Things I’ve realized as I’ve grown older…but not that much older since I’m only 24, almost 25.

  • If your friends and family say you shouldn’t be with your significant other and have legitimate reasons to not like them they’re usually right.
    • Of course there are exceptions where your parents or friends just hate the person and don’t want you with them (and that makes them assholes), but if they can provide actual reasons as to why y’all aren’t a good fit then maybe you should listen and take that into consideration. I know you’re thinking to yourself, “but Brittany I love them. My loved ones should just accept our love and move on.” Just wait a minute. I’ve been there. My loved ones didn’t dislike my ex (they do now, but that’s not the point) they just realized–way, way before I did–that we really weren’t all that great together. I’m not saying immediately break up with your S.O. Not at all. Just listen to what they say and think on it. And definitely, DEFINITELY, don’t cut them out of your life. They loved you before this new person, they’ll love you during, and they’ll love you after (if there is an after).
  • There will always be people that say “just wait until you get to my age, and you’ll realize how wrong you are.”
    • You know in some cases they may be right. I may reach 40, 50, 60, whatever age and my entire belief system may change. These people are usually the ones that have completely, sometimes radically, different views from you. The reality is your views will definitely change as you age and experience more, but at the same time they probably won’t do a complete 180. Some people might, sure, but it’s doubtful for the majority of the population. A lot of people say things like this during a disagreement based on your beliefs. Honestly, it’s best to just ignore it and laugh it off.

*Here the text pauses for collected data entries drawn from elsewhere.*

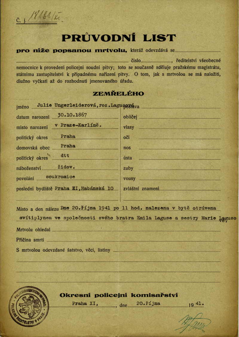 This database contains the names and fates of those who were deported from the territory of today’s Czech Republic, be it their homeland or may they have been deported to the Theresienstadt ghetto before from different european countries. Further, it contains basic information on those men, women and children, most of whom were Roma or Sinti, who died as prisoners of the so-called „Gypsy camp I“ Lety u Písku.
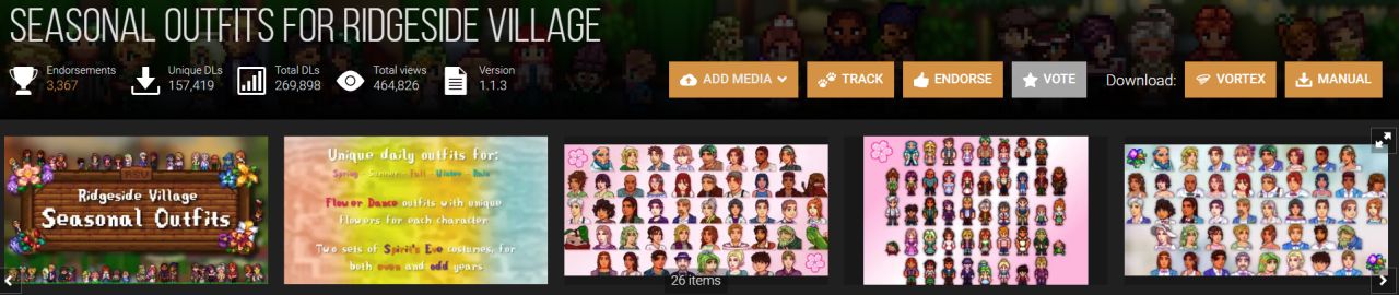 不过建议不要直接下载mod,先花几分钟时间安装一个Vortex模组管理器。有了这个东西,后面版本更新的时候就可以自动更新mod,会方便不少。不然就得像我一样花几个小时手动下载。
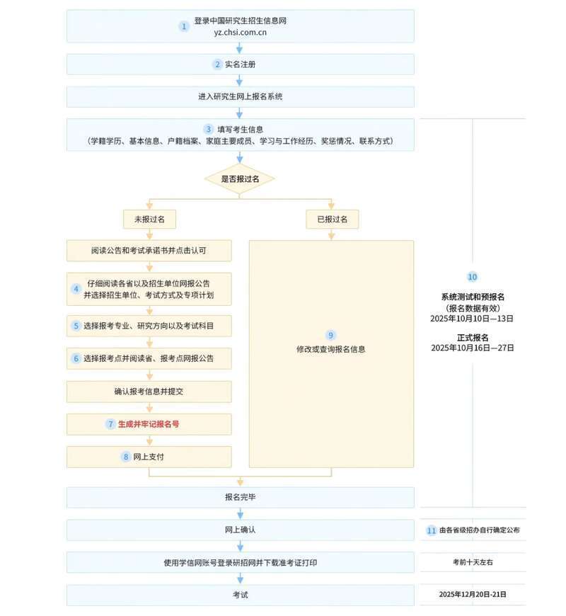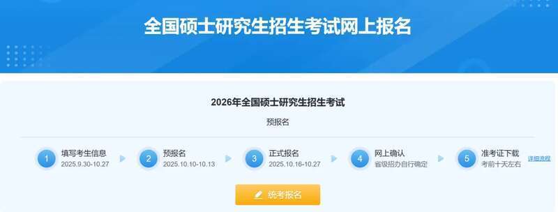 据了解,全国硕士研究生招生考试报名包括网上报名和网上确认两个阶段。其中,网上报名时间为2025年10月16日至10月27日(预报名时间为2025年10月10日至10月13日),每日9:00~22:00。
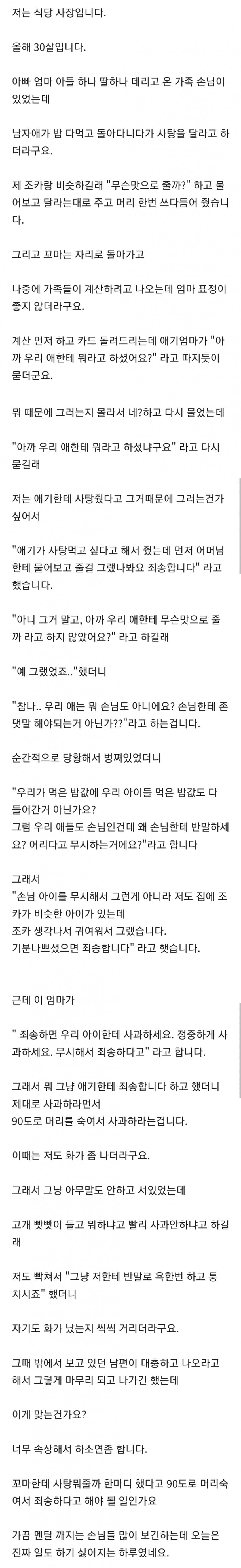 아무리 손님이어도 개소리 지껄이면 죄송하다고 할 필요가 없지. 꼬마한테 반말한게 뭐가 어때서?? 왜 죄송하다고 하냐 첫단추부터 잘못꿰었네. 꼬우면 꺼지고 오지 말라는식으로 말해야 맘충들 다 걸러지고 가게 손님들도 최소한의 교양있는 사람들이 온다

  • You’re always going to be looking for an “adultier adult”
    • No one knows how to properly adult. We always look to someone older than us to see how they managed to survive a certain situation. Spoiler alert: they winged it and also asked an “adultier adult”. No one really knows what they’re doing.
  • As you age you start reverting into a teenager
    • Okay, this one is kind of a joke, but also not. Some of the things older people complain that teenagers and young adults are doing are things they’re doing just as much. Every time I hear “ugh, kids these days are always on their phones.” I look around and notice a room full of tech-savvy grey-hairs playing bejeweled on their phones or messaging Martha about their tomatoes on Facebook messenger. I see you over there, Barbara, watering your crops on the latest farming app while shaming me for supposedly texting someone while at the table with my husband. I might be looking up information relevant to our conversation, or I might be messaging my sister-in-law that lives in Germany. You don’t know, so shush and go back to tending your virtual farm.
  • The older generations will always complain about the younger ones.
    • It’s happening to our generation (“Kids these days don’t know how to socialize. They’re always on their phones”). It happened to our parents (“MTV is rotting their brains”). It happens to every generation. I can hear cave-parents now muttering about how easy their children have it now that they’ve discovered fire. It’s just the nature of things. Change is difficult to understand, especially when it comes from your children.
  • Individuals are, typically, good. Large groups not so much.
    • This is something that you really notice while you travel. People worry about going to certain countries because of their governments ideologies, but once you’re there you soon realize that the vast majorities of people you meet are incredibly kind, willing to help, and curious. As always, exceptions apply.
  • “Travel is fatal to prejudice, bigotry, and narrow-mindednes, and man of our people need it sorely on these accounts. Broad, Wholesome, charitable views of men and things cannot be acquired by vegetating in one little corner of the earth all one’s lifetime.”-Mark Twain
    • I truly believe Mr. Samuel Langhorne Clemens, a.k.a. Mark Twain, knew what he was talking about here. The more I travel the more interested I am in others. In their views and their cultures. I find it easier and easier to drop my fears of cultures I don’t know or understand and seek out answers rather than react with hostility.

  • Take every moment to be kind to people.
    • The world is not always the friendliest of places, and we get caught up in our lives and don’t take the time to be genuinely kind to people. Slow down, and take a moment to be nice to people. It costs you nothing, and it can be the single event that turns someone’s day around.